MIT blocking release of Aaron Swartz's Secret Service files

My friend Aaron Swartz's suicide, just over six months ago, brought attention to MIT's role in his prosecution over downloading scholarly articles from their network. JSTOR, the service that hosted the files Aaron was accused of downloading, dropped its case against him, and it was widely reported that the only reason the Justice Department was able to go ahead with its threats of decades of time in prison for Aaron was MIT's insistence on pressing the case against him. MIT's administration was so shaken by the negative publicity following Aaron's death that they commissioned professor Hal Abelson (a good guy, in my experience) to investigate the university's role in his prosecution.

Now, though, MIT has blocked a Freedom of Information Act suit by Wired's Kevin Poulsen aimed at forcing the Secret Service to release their files on Aaron. A court recently ordered the Secret Service to stop screwing around and release Aaron's file, but before that could happen, MIT intervened, arguing that if the world could see the files, they would know the names of the MIT employees who insisted that Aaron deserved to go to jail for what amounted to checking too many books out of the library. MIT argues that its employees would potentially face retaliation (though not, presumably, threats of felony prosecutions, million-dollar fines, and decades in prison) if their names were known.

MIT claims it’s afraid the release of Swartz’s file will identify the names of MIT people who helped the Secret Service and federal prosecutors pursue felony charges against Swartz for his bulk downloading of academic articles from MIT’s network in 2011.
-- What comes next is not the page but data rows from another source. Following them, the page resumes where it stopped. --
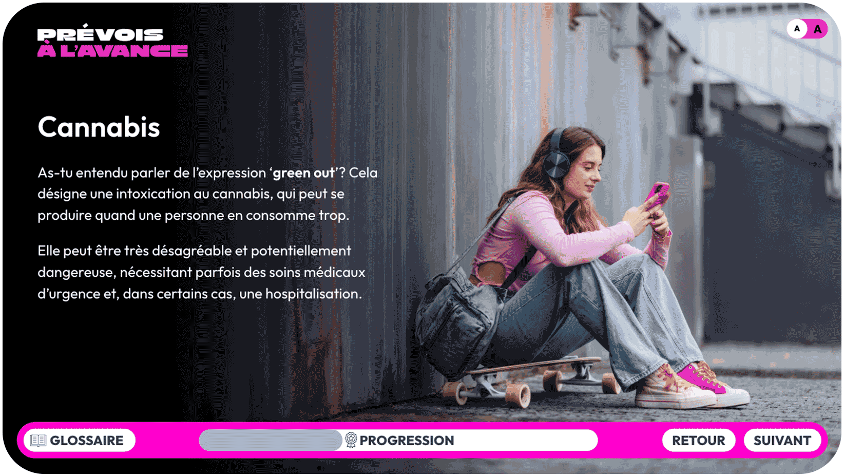 Vous pouvez en savoir plus sur les risques liés à la consommation de cannabis en consultant la page dont le lien figure à l’écran.
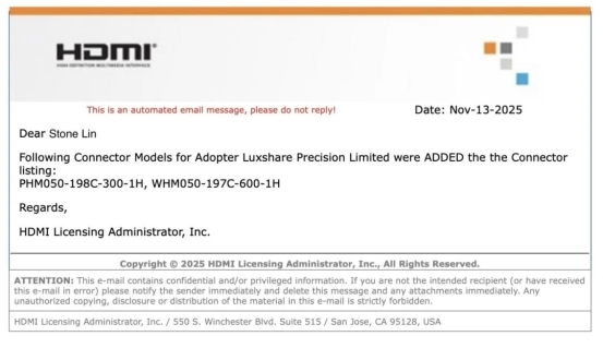 此次通过认证的HDMI 2.2连接器及配套测试治具,是立讯精密深耕高速互连技术领域的重要成果。双认证的同步达成,不仅印证了公司在产品研发、精密制造等环节的技术实力,更意味着其可向全球客户提供“产品+测试”一体化解决方案,为HDMI 2.2生态链的完善与落地提供关键支撑。
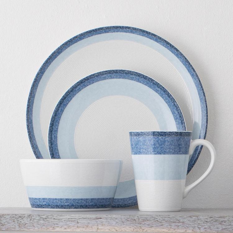 The Colorscapes Layers collection features multiple colors, modern design and product durability. Each piece has a subtle texture of coiling concentric circles. In addition to the texture, items include a gradation of color bands in each colorway. All items in the Colorscapes Layers collection are crafted in durable porcelain and are designed for daily use.
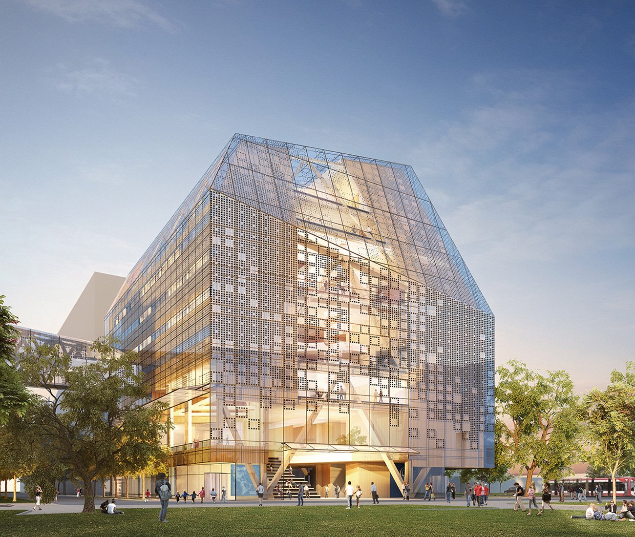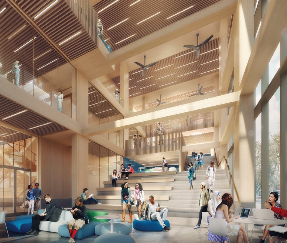 Classrooms and labs will be found along the periphery, but over time, programming can change because of the building’s large-span beamless structure. The uninterrupted spaces will allow interior walls to easily go up when smaller rooms are needed, or get torn down to create larger environments.
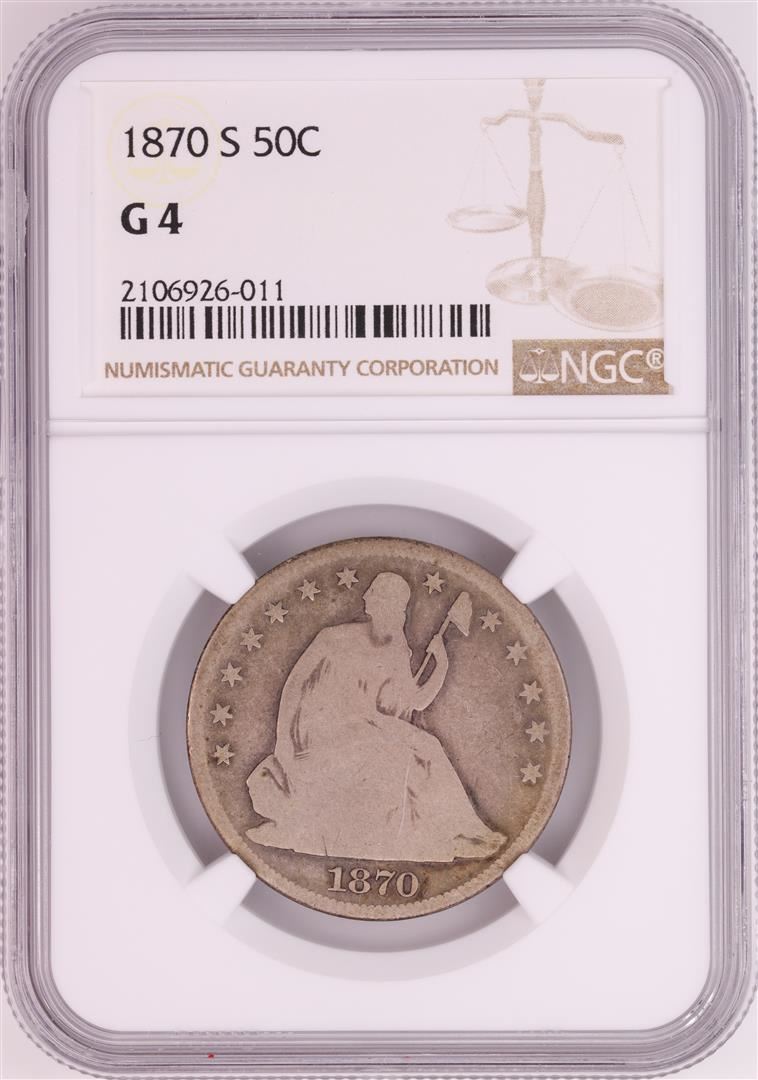 One 1870-S Seated Liberty Half Dollar Coin NGC G4. NGC Certified.
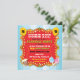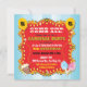 Convites de festas de aniversários de carnaval super fofos com um grande letreiro vermelho, balões, pipocas e algodão doce com tipografia circense divertida contra um fundo de barraca azul listrada. Excelente para um menino ou menina e não muito jovem. Ilustração desenhada à mão por McBooboo.
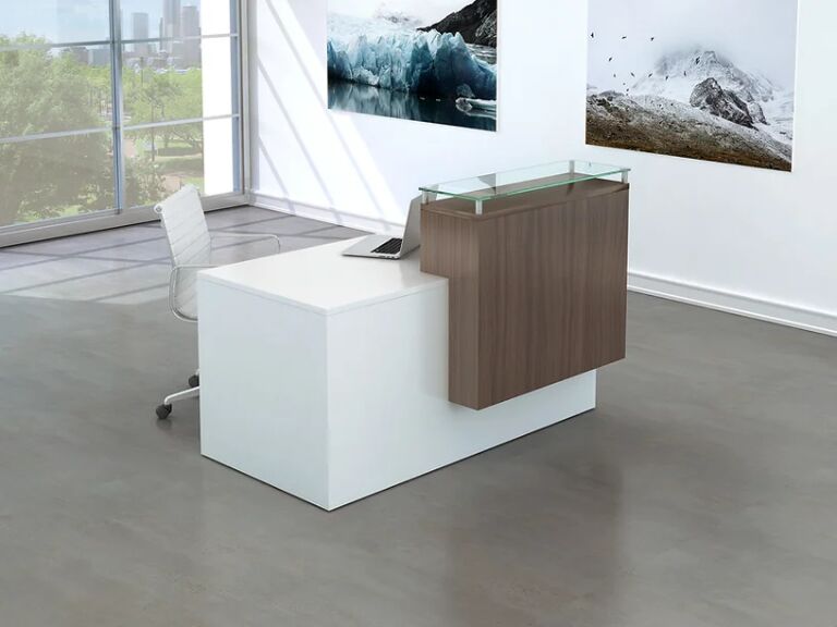 Whether you’re looking to give your waiting area a fresh look or would simply like to create a friendly atmosphere, the Maverick desk reception station is the right choice for you. With the ability to mix and match any of their 20 standard laminate colors and a variety of different shape configurations and size options allows it to be customized for any space. The Signature Maverick Series combines classic all-laminate designs to provide modern day durability for any office space.
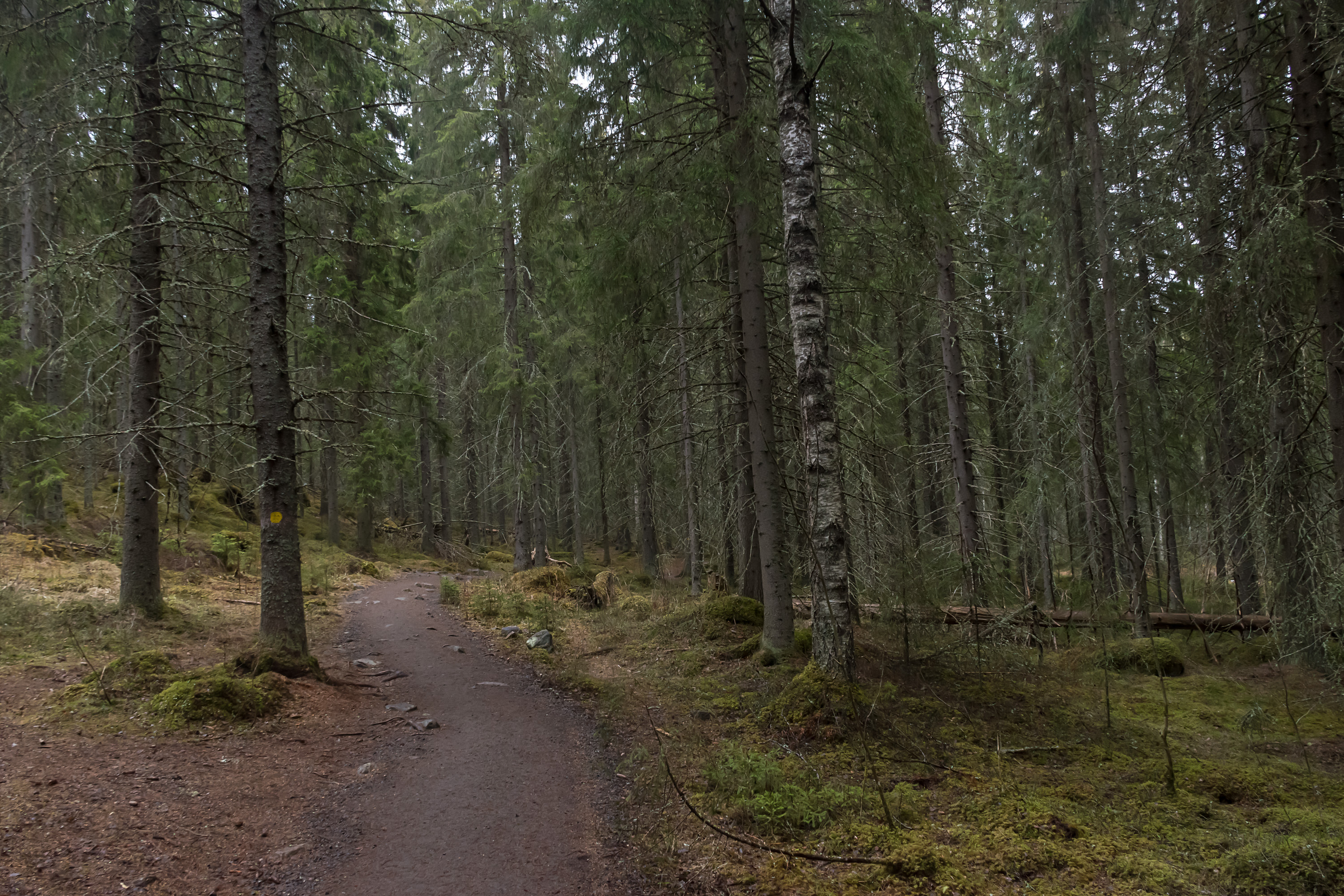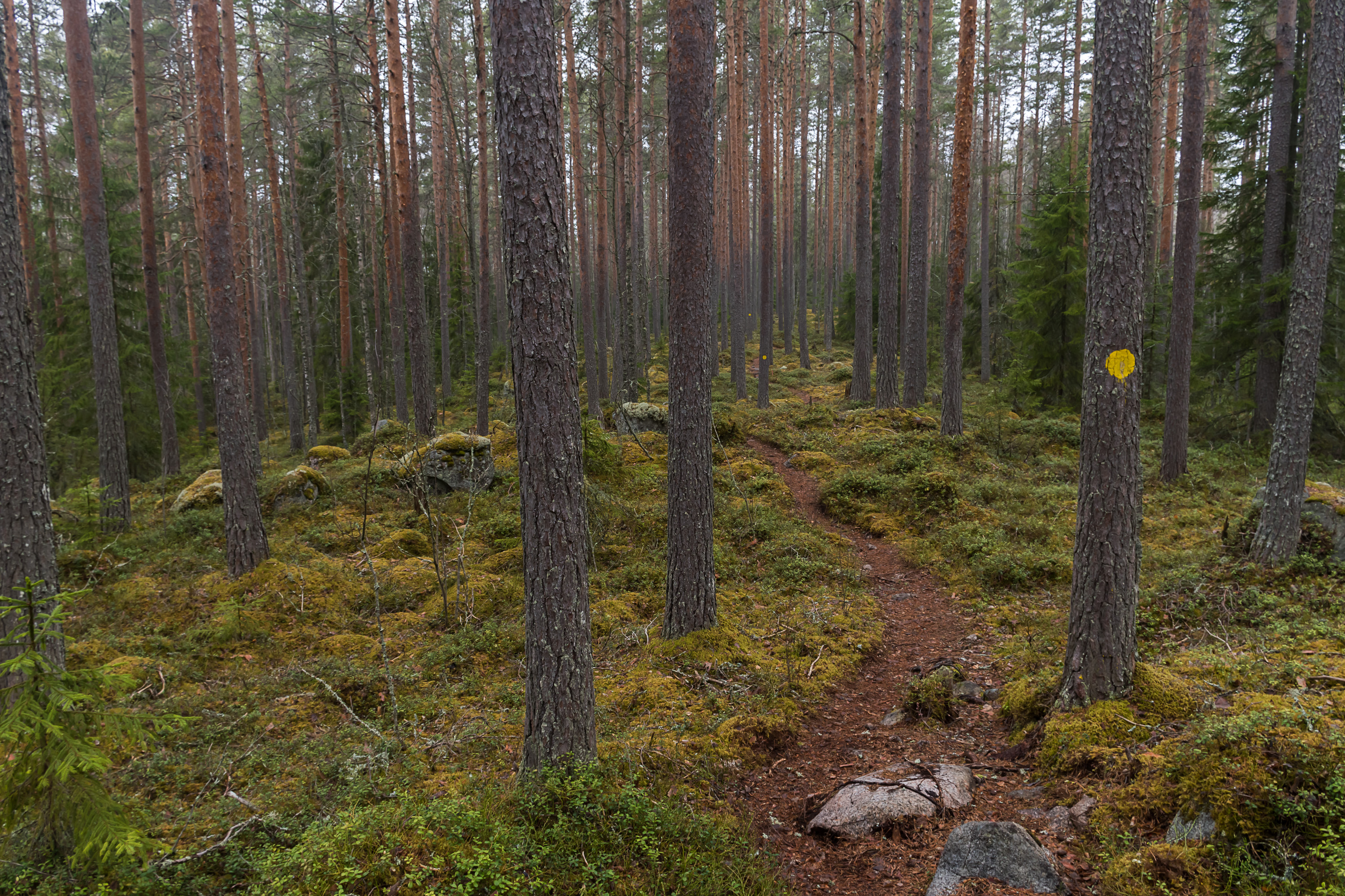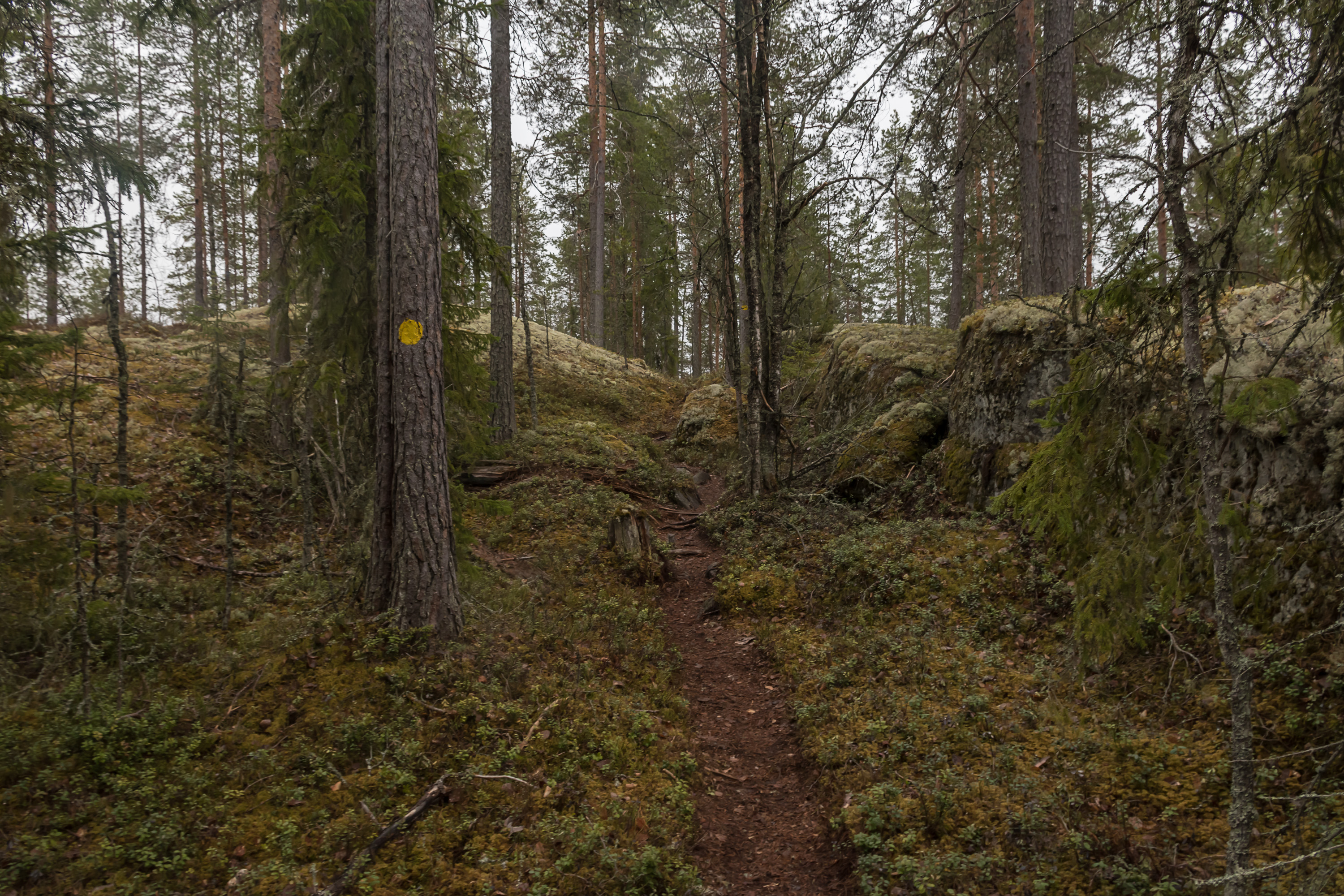 3. Тропа до Вуори-Калайя. Все тропы в этом национальном парке обозначены одной и той же круглой желтой отметкой на деревьях.
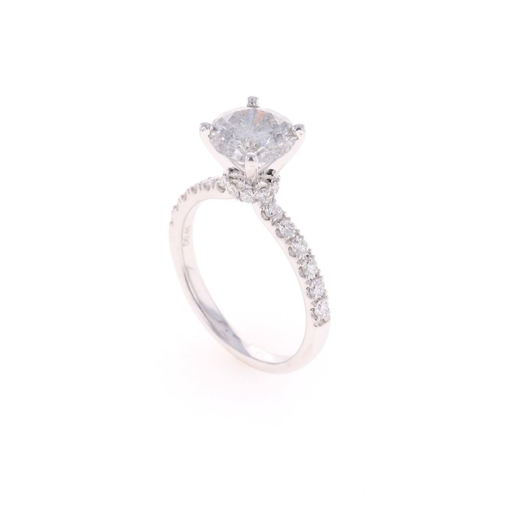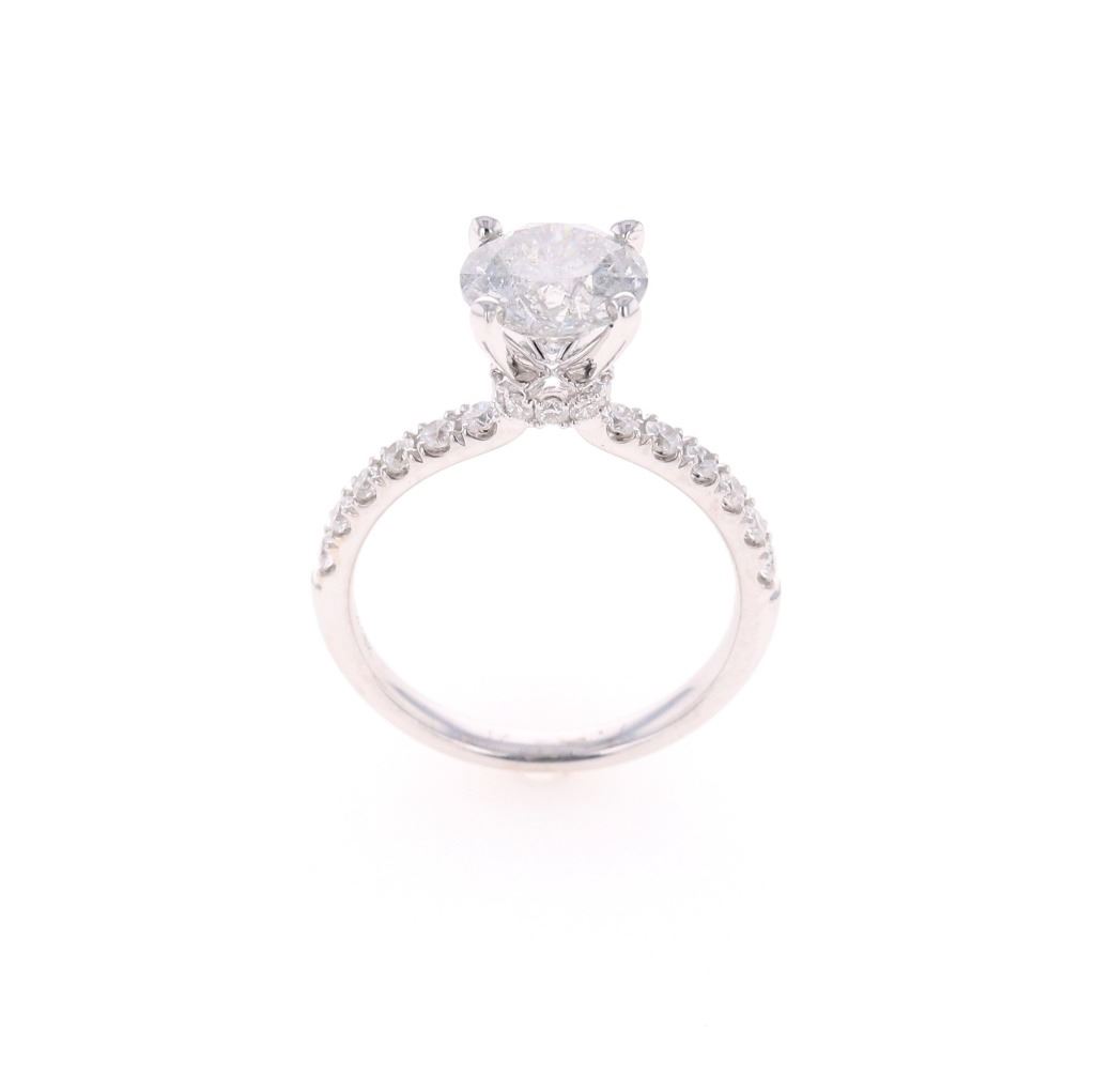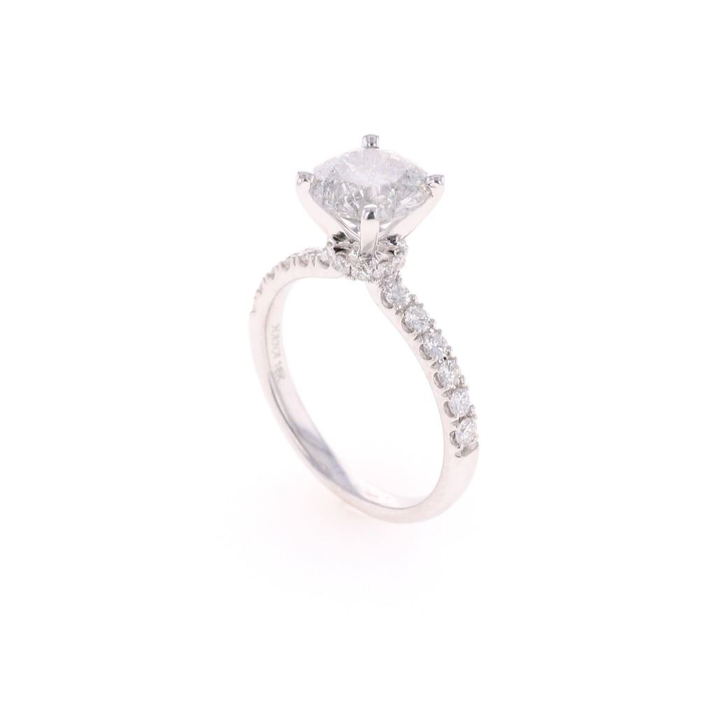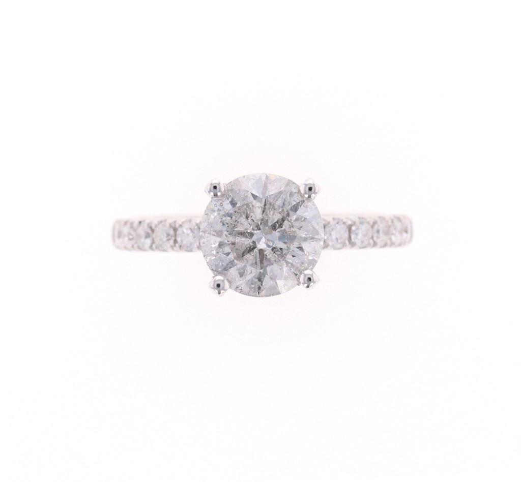 This is an exquiste solataire diamond ring set in 18K white gold showing a center diamond with 2.07 carat weight, accompanied by AIGL paperwork. The ring is stamped 18K showing an 18 karat white gold setting with diamonds set down each shoulder, having a raised four prong solitaire setting with diamond set halo ring around the base holding the center 2.07 carat round brilliant natural diamond. The center stone has a color of H and I1 clarity. The ring is also set with 22 other round brilliant natural diamonds totaling 0.45 carats with F color and VS2 to SI2 clarity. Ring is a size of 6 US with 3.8 gram weight and total diamond carat weight of 2.52. The piece comes with AIGL (American International Gemological Laboratories, INC., a GIA graduate gemologists # K12D995-EA17525) gemology report and appraisal which confirms the above and gives a value of $27,641.00.

MIT argues that those people might face threats and harassment if their names become public. But it’s worth noting that names of third parties are already redacted from documents produced under FOIA.

I’ll post MIT’s motion here once it’s filed.

I have never, in fifteen years of reporting, seen a non-governmental party argue for the right to interfere in a Freedom of Information Act release of government documents. My lawyer has been litigating FOIA for decades, and he’s never encountered it either. It’s saddening to see an academic institution set this precedent.

I agree with Poulsen. This is a dark day in MIT's history. Today, the administration devalued the reputation of every student, alumnus and faculty member. The "MIT" on your resume is in danger of becoming a source of shame. MIT's stakeholders must demand better of their administration.

MIT Moves to Intervene in Release of Aaron Swartz’s Secret Service File [Kevin Poulsen/Wired]

Notable Replies

  1. It must be a high-level MIT figure to matter that much, otherwise they'd just cut and run, leaving some stooge out to hang alone.

  2. Good luck getting that donation out of me next year, anonymous freshman that calls as part of work-study from the bowels of Building 7.

  3. This is a good point. But I also think that MIT now realizes it lives in a world where information isn't just given out to sane people, but people who are unbalanced and angry.

    This is one of the things that we see when it comes to big corporations doing terrible things, they work hard to hide the people who make decisions that take people homes or they make it clear that some low level employee did it. They purposely defuse responsibility because people take losing their house personally.

    Some companies have changed the law to make formerly illegal acts legal, so their employees can say, "We were just following the law."

    The MIT people behind this action clearly wanted to "send a message" to people that these kind of actions will not be tolerated, and they never thought that there would be blowback for their actions. Once it looked like some of the blowback would go to individuals at MIT (vs. the nameless institution) they worked to block access of that information.

    MIT will use the "safety of the individual" as the reason, but it is also to protect the institution and defuse responsibility. Also, for all we know the people who were doing the actual pushing represented a committee that told him to "send a message" to "hackers." Just because I'm carrying out my bosses orders doesn't mean I agree with them, but if my signature is on the foreclosure notice that makes me the focus of someone's rage.

    After Redditt took it upon themselves to find the Boston Bomber and got it wrong, I worry about the unleashing of data to everyone.

    What I think should happen is that MIT needs to "send a message" back to the people that the people who pushed for these horrible penalties are not just getting off scott free. That policies have changed, people have been reprimanded. Some might not think that is good enough, but it is a start..

  4. This is exactly what I try to explain to people about my time in WW2.

  5. Isn't it all moot if names are redacted from the files anyway? Unless it one of the top echelon people, like the Dean or whatever.

    Institutions and people, using and abusing the law to crush the small and protect the powerful. Sigh.